从大二开始,叶千含觉得韩若非好像喜欢她。
不知道算不算后知后觉,之前帮他准备演讲比赛的时候都没有这种感觉,反而是两个人不再合作了以后,觉得有什么东西不对劲了似的。
他好像常常在默默注视她,可是一旦她回视,他又立刻移开目光,若无其事。
除此之外,他并不会故意躲着她,甚至上课时常常选择紧靠她前后的位置,抑或在全班一起去春游的时候,他特意挨着她坐下吃饭。然而坐在她身边的时候,他又和大一时的滔滔不绝不一样了,轻易没什么话,可每一个表情动作又分明在提示着他很清楚、也很在意旁边这个人是她——比如分发什么资料,他会多接一份递给她,倘若两边都有同学,他一定会先给她再给别人,有时候甚至只给她,好像只有她才和他有关,好像她比别人更与他相关;比如上课时她被从心不在焉中突然点起来回答问题,他会在旁边悄声提示,或塞过来一张匆匆写就的纸条;比如她准备起身去打水时,他会低声说一句:“饮水机里没水了。”然后递过来一瓶刚买的矿泉水,顺便替她拧开瓶盖。
她向来话少,以前在一起聊得多,话题一般都是他起的,此时两个人一起沉默,像是陌生人,更像是相处多年默契得融为一体的夫妻。
但一切只是她的怀疑,他什么也没说,她也就只当没这回事。
她有男朋友,而且她也没觉得自己喜欢上韩若非。
她把他当好朋友,或许比好朋友多一点?
但还没到喜欢甚或爱的地步。
不过这件事情提醒她,她还有一个男朋友董辰。
上大学之后,生活状态改变了,人也更为成熟,叶千含已经不再需要董辰这个男朋友。
但是如果这样就分手,那大概是比后来那些问题客户还要为叶千含所不齿的过河拆桥,她做不出来。

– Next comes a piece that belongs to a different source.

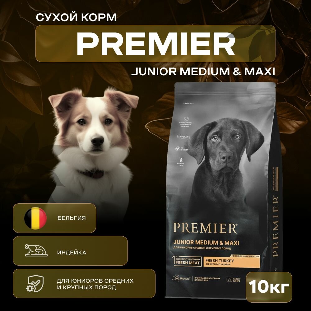 Сухой корм для юниоров средних и крупных пород с 4-х месяцев, беременных и кормящих собак,10 кг Premier Dog Turkey JUNIOR Medium&Maxi, супер-премиум, гипоаллергенный

她当初接受董辰的动机就并不那么光彩,那么现在她假如用一个更不光彩的原因来分手,到底是在纠正之前那个错误,还是让她犯下的错误雪上加霜?
这是叶千含在那将近四年里都苦苦纠结可是始终没有想清楚的一件事。在最后分手之前,她在大一、大二和大三分别跟董辰提出过一次分手,可不管折腾出多大动静,都以夭折收场。
因为董辰没有做错什么事情。她提出分手的原因是觉得两个人不太合适,这向来就是“我不爱你”的变体。这原该是最有力的理由,却因为太过简单空泛而显得像是托辞,因而即便对方知道你是发自肺腑,也尽可以当你是言不由衷。
第一次她提出分手,因为心虚而无法反复强调而坚持,他轻轻一笑:“别闹了,是不是今天发生了什么事让你心情不好了?”紧接着,他就开始跟她谈心,说说自己也遇到的烦心事,又说几件让人心情愉快的事情,穿针引线地逗她笑,分手的事就这么被莫名其妙地带了过去,她竟无法再开口说第二次。
第二次她提出分手,俨然比第一次有了经验,也做了更充分的准备,让董辰无法就这样混过去了。
他的声音里有受伤的涩哑:“是我做错什么了吗?”
她只能坦诚:“没有,只是……我还是没感觉。”
他坚称:“一定是因为我们俩隔得太远了,我总是不在你身边!”
她连忙声明:“不是因为这个。”事实上她已经嫌每年两个假期太长、平常节假日他也过来得太多了。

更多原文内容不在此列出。